Capítulo 2 – A Mulher na Cozinha

O guincho dos pneus foi o único som que acompanhou o eco do adeus. Sofia mantinha as mãos firmes no volante, o olhar fixo na escuridão que ainda cobria a cidade, como se não houvesse espaço para hesitações. O vento entrava pela janela entreaberta, cortando o silêncio do interior do carro como uma lâmina gelada. Foi então, no meio daquele momento suspenso entre a coragem e a dor, que ela o fez.

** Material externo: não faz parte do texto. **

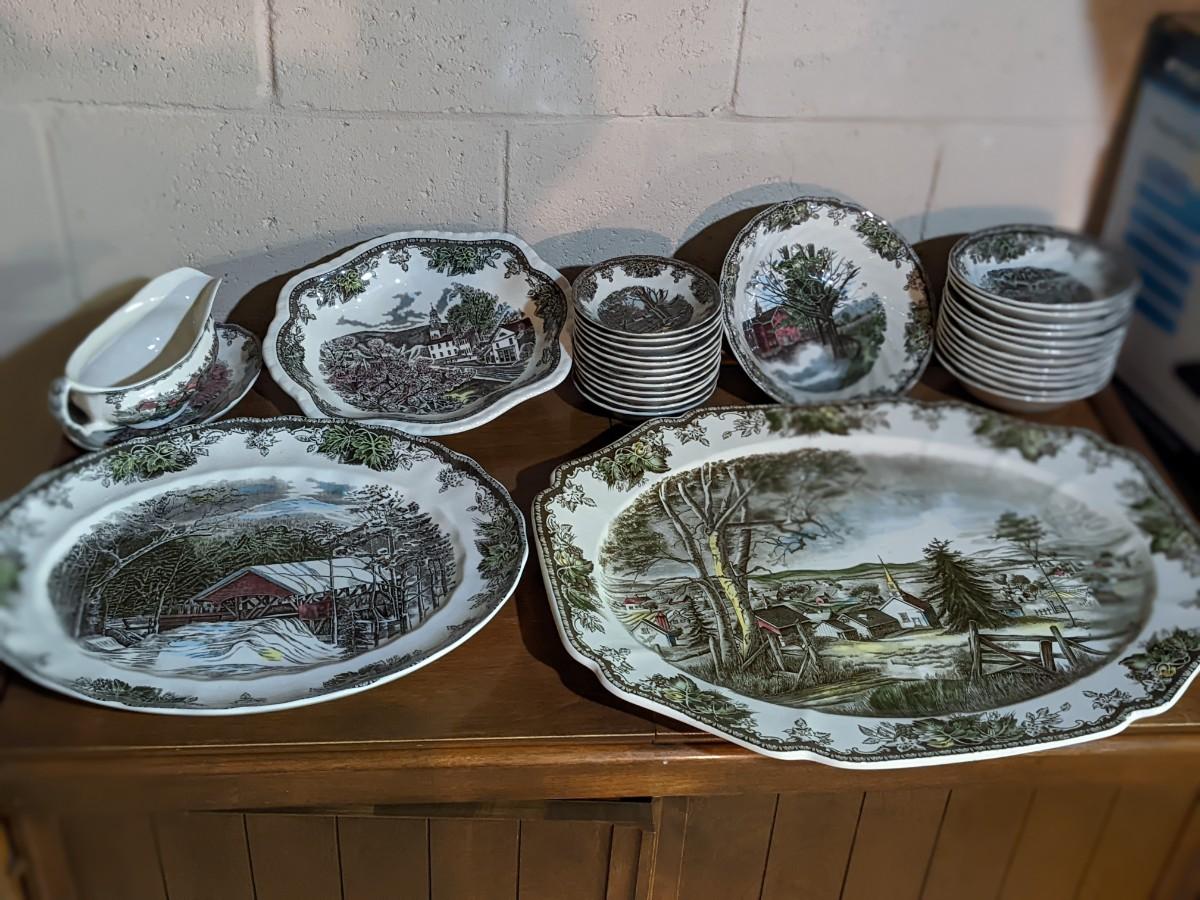 Lovely, Rare Set of 12 Johnson Bros The Friendly Village Dishes

Levou a mão ao pescoço e, num gesto repentino, quase feroz, arrancou o colar de pérolas que Isabel Castell lhe tinha oferecido no dia em que o noivado foi anunciado. Um símbolo de pertencimento, de respeito, de família. Uma lembrança que durante anos havia se sentido como uma corrente. O fio se partiu entre seus dedos como se sempre estivesse prestes a se romper. Abriu a janela completamente e, sem pensar, jogou-o para fora.

As pérolas voaram para o asfalto, bateram no cordão da calçada, quicaram como lágrimas desorientadas e rolaram em todas as direções... exceto na que ela estava indo. Uma chuva de lembranças que ficavam para trás, enquanto ela, finalmente, seguia em frente.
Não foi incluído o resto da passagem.